Exercise instructions: Your answer must be the full set of records, copied exactly, with no pictures in it.

Source records:
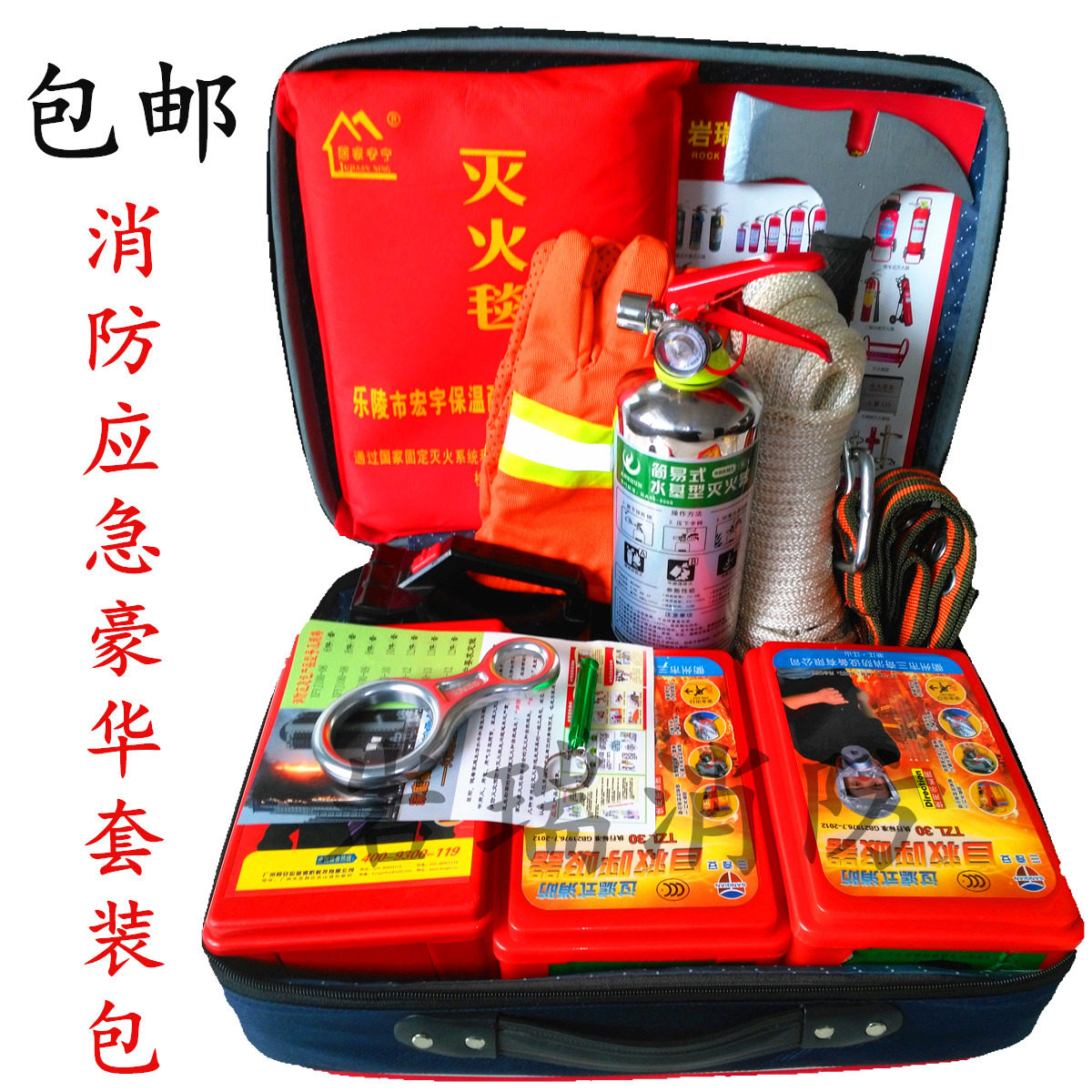 [三口之家豪华套装][:][一个大应急包、三个防毒面具、一个不锈钢水基灭火器、一个]1.5[㎡灭火毯,一个耐高温手套,一个强力手电筒,一根][带钢丝阻燃20米安全绳,][一套腰带/一个腰斧/一个八字环缓解器/一个铝合金小口哨/三个消防湿毛巾,一份使用说明书][共14件火灾应急逃生用品.]
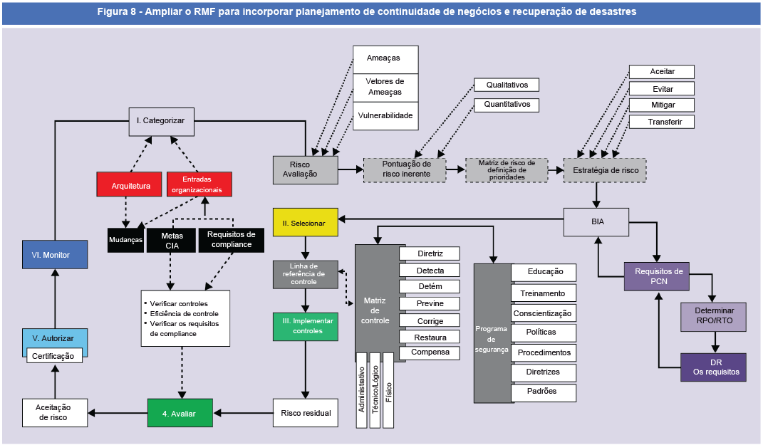 É por isso que pode ser útil ampliar a abordagem baseada em riscos da NIST SP 800-37. É um framework abrangente que permite o monitoramento contínuo e o ajuste dos controles. É um processo interminável de definir o estado atual de uma organização e o estado desejado para detectar e preencher lacunas potenciais, já que nem tudo pode ser implementado de uma vez, resultando em múltiplos ciclos de planejamento e orçamento para preencher lacunas.
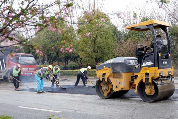 3月19日,记者在随南路看到,原本破损的路面已被清除,浇筑了混凝土,市政工人正在铺设沥青,压路机来回碾压,一派热火朝天的施工景象。
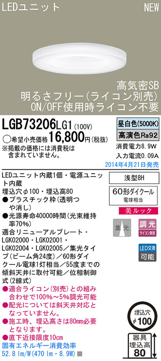 Panasonic LED¥À¥¦¥ó¥é¥¤¥È LGB73206LG1
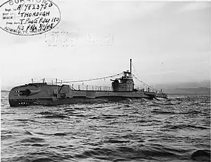 HMS Thorough was a British submarine of the third group of the T class. She was built as P324 by Vickers Armstrong, Barrow, and launched on 30 October 1943. So far she has been the only ship of the Royal Navy to bear the name Thorough.
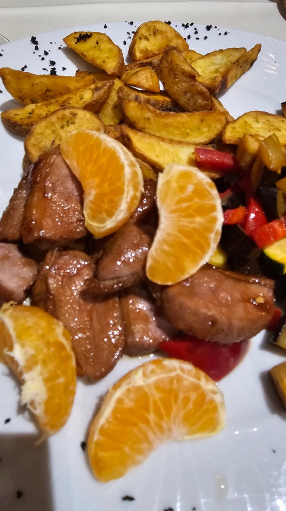 Via het nauwe steegje belanden we bij een deur, waar een trap ons naar een eerste verdieping leidt. In een plezierige ruimte met wat zachte, aangename muziek op de achtergrond, eten we goed voor zo’n twintig euro per persoon. Geen slechte keus dus dit restaurant Palhinhas Gold. We worden bediend door een alleraardigst Oekraïens meisje, dat in een vorig leven muziek studeerde en zich om de zin verontschuldigt voor haar gebrekkige kennis van de Portugese taal.

Response to this exercise:
 [三口之家豪华套装][:][一个大应急包、三个防毒面具、一个不锈钢水基灭火器、一个]1.5[㎡灭火毯,一个耐高温手套,一个强力手电筒,一根][带钢丝阻燃20米安全绳,][一套腰带/一个腰斧/一个八字环缓解器/一个铝合金小口哨/三个消防湿毛巾,一份使用说明书][共14件火灾应急逃生用品.]
 É por isso que pode ser útil ampliar a abordagem baseada em riscos da NIST SP 800-37. É um framework abrangente que permite o monitoramento contínuo e o ajuste dos controles. É um processo interminável de definir o estado atual de uma organização e o estado desejado para detectar e preencher lacunas potenciais, já que nem tudo pode ser implementado de uma vez, resultando em múltiplos ciclos de planejamento e orçamento para preencher lacunas.
 3月19日,记者在随南路看到,原本破损的路面已被清除,浇筑了混凝土,市政工人正在铺设沥青,压路机来回碾压,一派热火朝天的施工景象。
 Panasonic LED¥À¥¦¥ó¥é¥¤¥È LGB73206LG1
 HMS Thorough was a British submarine of the third group of the T class. She was built as P324 by Vickers Armstrong, Barrow, and launched on 30 October 1943. So far she has been the only ship of the Royal Navy to bear the name Thorough.
 Via het nauwe steegje belanden we bij een deur, waar een trap ons naar een eerste verdieping leidt. In een plezierige ruimte met wat zachte, aangename muziek op de achtergrond, eten we goed voor zo’n twintig euro per persoon. Geen slechte keus dus dit restaurant Palhinhas Gold. We worden bediend door een alleraardigst Oekraïens meisje, dat in een vorig leven muziek studeerde en zich om de zin verontschuldigt voor haar gebrekkige kennis van de Portugese taal.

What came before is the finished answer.